Wednesday, December 19, 2012

Fuji 18-55mm Zoom Lens Test Run

I received my lens on Monday and did some preliminary shooting with it, but today was the first day I had a chance to hit the streets of New York with this lens. First some caveats: my testing is by no means scientific, I'm not a pixel peeper. I can only attest to how the lens performs given the kind of shooting at which I am adept and love to do - street. What's important to me is how the camera and lens feels in my hand in the field, and the extent to which the quality of the images they produce satisfies my expectations.

That said, after one afternoon on the street in Manhattan I can easily say I love this lens.  I haven't shot with a zoom lens since I put down my Nikon D700 (I mean put down as in laid it on the table, not as with a pet). Since I got my XP1 I've shot exclusively with the prime 18mm and 35mm lenses. It's a totally different mindset. I've got a lot of practicing to do to get up to snuff with a zoom lens again.

The minimum focusing distance with this lens is about a foot, give or take a few inches (Fuji says 11 inches). When I first unpacked the lens I noticed a little noise when shaken gently (not stirred). So I called the Fuji support line and the tech with whom I spoke confirmed he heard the same noise when he  gently shook his lens. Don't know what that is, but apparently it doesn't adversely affect the lens performance. I found the camera and lens feels very different in my hand. I'm used to the lightness and shortness of the two primes, this lens is heavier and extends further out so my right hand had to work harder over the hours of handling the camera. I'm a little disappointed with the lens hood. No matter that it's plastic (the prime lens hoods are metal), when it snaps into place on the front of the lens the connection doesn't feel very secure, and in fact it can easily be dislodged. But in the grand scheme of things it's a very small matter.

I looked for chromatic aberration at 18mm, and found it. It's about the same as the CA on the prime 18mm lens - so that's no big deal, easily corrected in Lightroom. I turned off the image stabilization on the zoom (more about the IS later) and took a few test shots at 18mm and 35mm so that I could compare the sharpness to the two prime lenses. At 18mm it's pretty much the same. At 35mm the prime has a thick hair's advantage.

I didn't have any complaints about the focus speed of the prime lenses right out of the box, clearly this wasn't a clunky DSLR with huge, heavy lenses so I had realistic expectations. After the firmware updates the speed of focus was a non-issue for me. At 18mm and 35mm the auto focus speed of the zoom lens is the same as the primes. The response is a little slower at 55mm, but I don't have the 60mm prime to compare.

I had only one lens for my Nikon D700 with image stabilization, a 70-300 f3.5-5.6 zoom. I rarely used the lens, so I have nothing to which I can compare the Fuji's IS. I am, however, totally impressed with the increase in flexibility that the IS allows. I have been able to hand hold the camera and shoot comfortably at shutter speeds down to 1/30th second. I pushed some shots one stop slower - to 1/15th sec. - and the results are quite satisfactory considering that the slower shutter speed buys some ISO speed and lower noise in the image.

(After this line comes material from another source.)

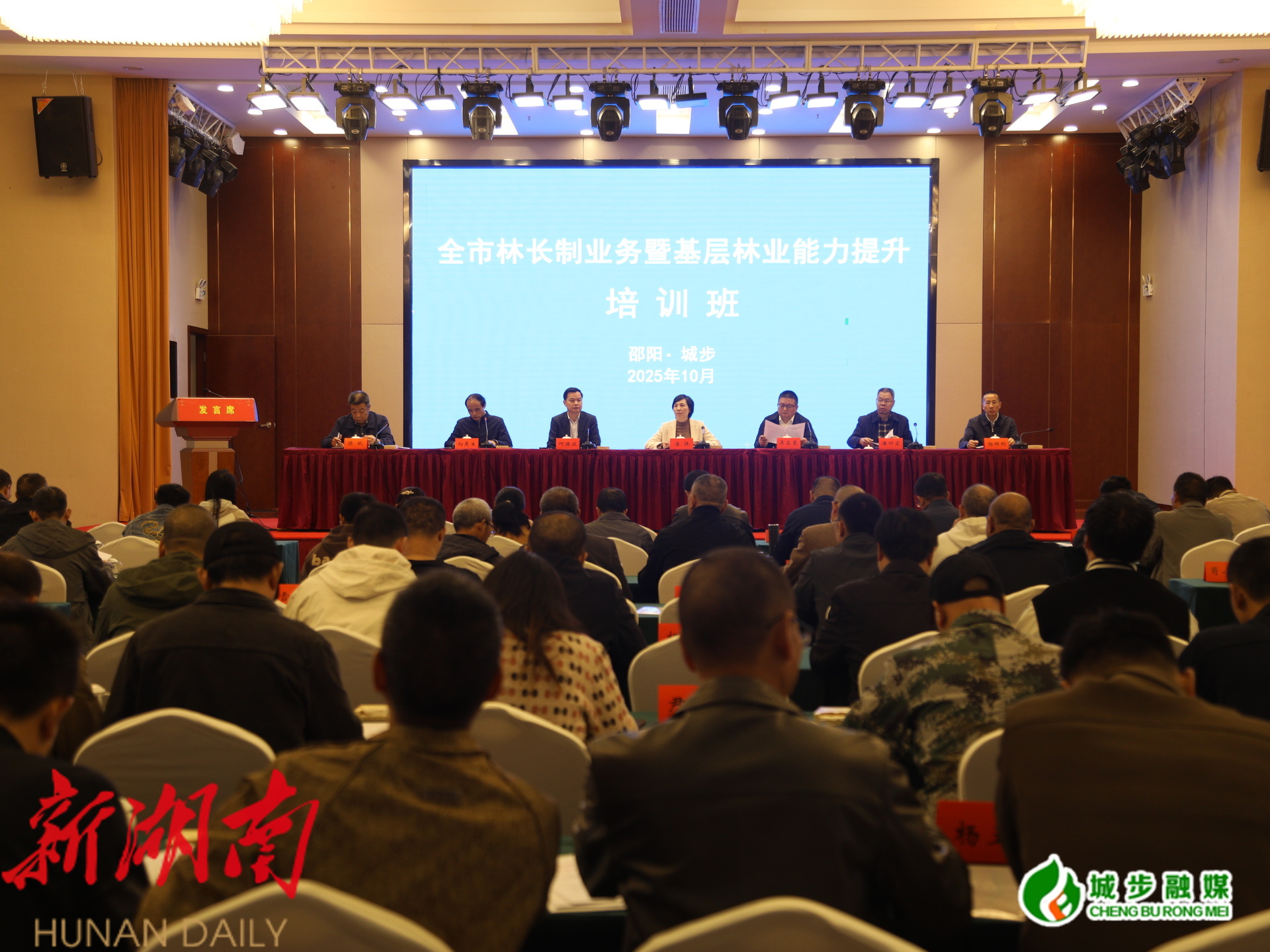 新城步客户端10月20日讯(记者 王蕾婷 刘沛含)10月20日上午,邵阳市林长制业务暨基层林业能力提升培训班开班仪式在城步举行。省林业局林长处副处长唐强出席并作专题授课。邵阳市林业局党组书记吴名蒙出席并讲话。城步县委书记何德波出席并致辞。邵阳市林业局相关负责人及城步县政府副县长杨辉刚出席,各县市(区)林业主管部门分管领导、林长制工作负责人等参加。

The first of these shots was taken at 1/60th second, f4, ISO 5000, these are jpegs, generated from raw data by Lightroom, without any processing.

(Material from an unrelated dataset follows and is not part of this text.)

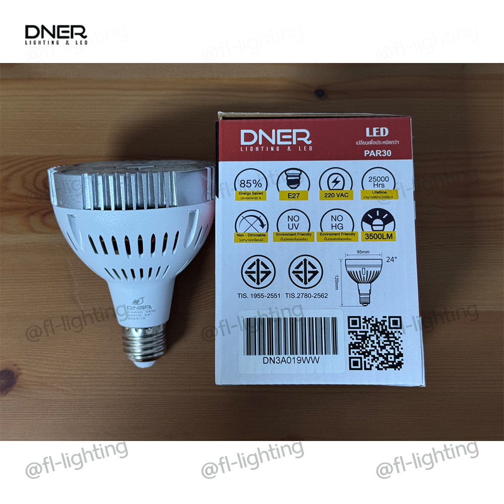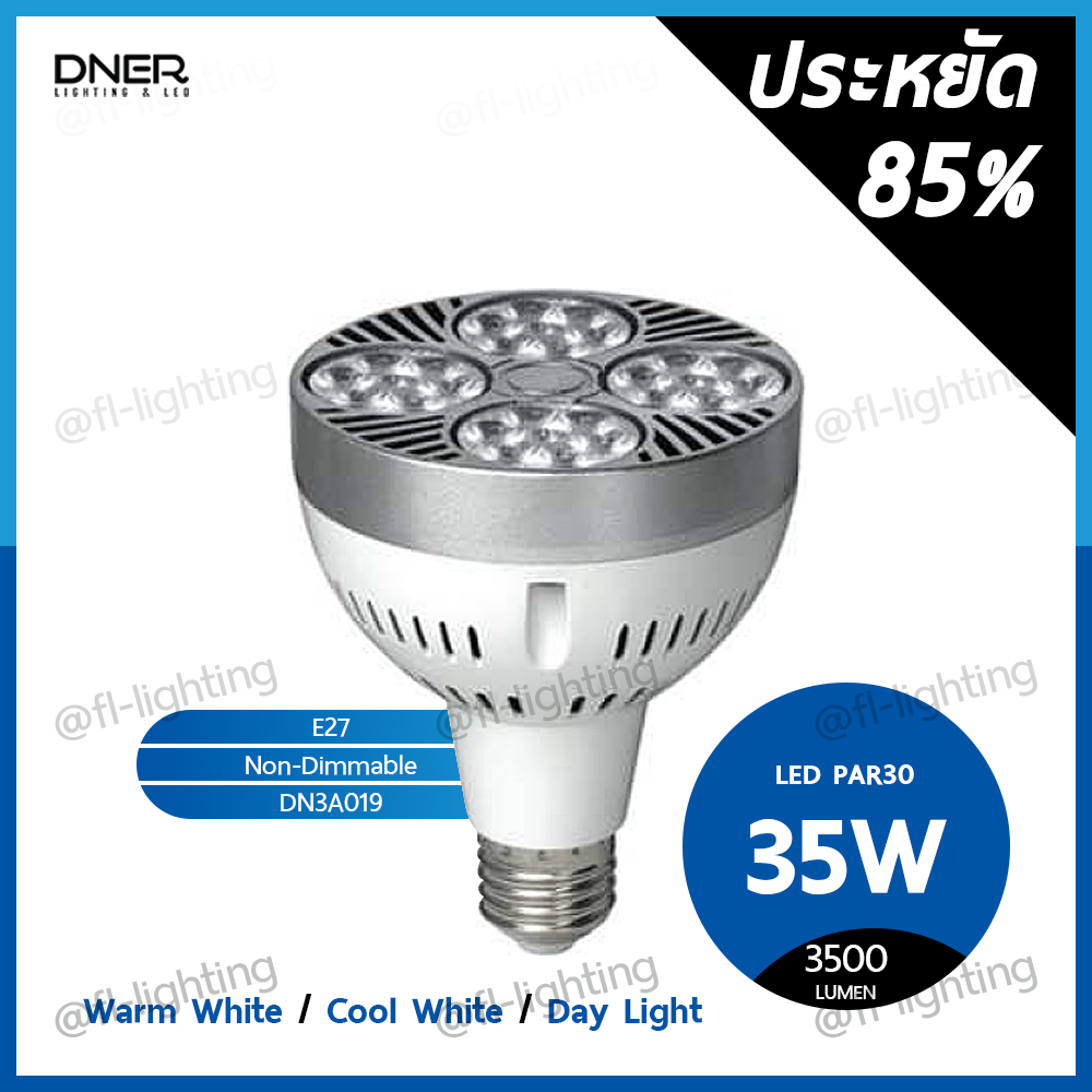 *สั่งซื้อปริมาณมากกรุณาติดต่อฝ่ายขาย LINE : @fl-lighting หลอดไฟ LED ช่วยประหยัดไฟสูงสุดถึง85%เมื่อเทียบกับหลอดไส้ทั่วไป อายุการใช้งานยาวนานเป็น 20 เท่า สามารถเปลี่ยนเองได้ง่ายๆ เปลี่ยนแทนหลอดไส้หรือหลอดตะเกียบได้ทันที ผลิตจากวัสดุคุณภาพสูง สินค้าได้มาตรฐาน มอก. ปลอดภัย ไม่มีรังสี UV เป็นมิตรต่อสิ่งแวดล้อม คุณสมบัติ - หลอดไฟ LED PAR30 35วัตต์ ขั้วE27 - กินไฟน้อย ประหยัดพลังงาน - อายุการใช้งานยาวนาน 25,000 ชม. - เป็นมิตรต่อสิ่งแวดล้อม ไม่ก่อให้เกิดมลภาวะ - ได้มาตรฐานมอก. ปลอดภัย ไม่มีรังสี UV - แสงวอร์มไวท์ 3000K ( แสงเหลือง ) ความสว่าง 3500 ลูเมน - แสงคูลไวท์ 4000K ( แสงขาวอมเหลือง ) ความสว่าง 3500 ลูเมน - แสงเดย์ไลท์ 6500K ( แสงขาว ) ความสว่าง 3500 ลูเมน #Dner #หลอดไฟLED #หลอดไฟแอลอีดี #หลอดไฟโคมไฟ #หลอดไฟดาวน์ไลท์ #หลอดไฟขั้วE27 #LED #WarmWhite #Par30

This second shot was taken at 1/15th second, f4, ISO 1250.



If you were to pixel peep, you could argue that there is some slight blurring in the second shot, but the difference in the pixel noise makes the first shot seem a little soft at the edges of lines. So I guess if you want to shoot in low light you have to pick your poison.

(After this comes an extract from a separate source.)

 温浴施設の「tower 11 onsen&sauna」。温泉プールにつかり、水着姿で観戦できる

One of the pleasing surprises for me in using this lens was that there is a 23mm focal length marking on the barrel. That puzzled me at first, but then I realized that it translates into about a 35mm equivalent. So I tried shooting at that focal length. If felt much more comfortable than the (approximate) 50mm equivalent of the Fuji 35mm lens. I've always been more comfortable shooting at wider focal lengths, so learning to shoot at the longer end that this lens provides is going to take some patient practice. I'll suffer through it.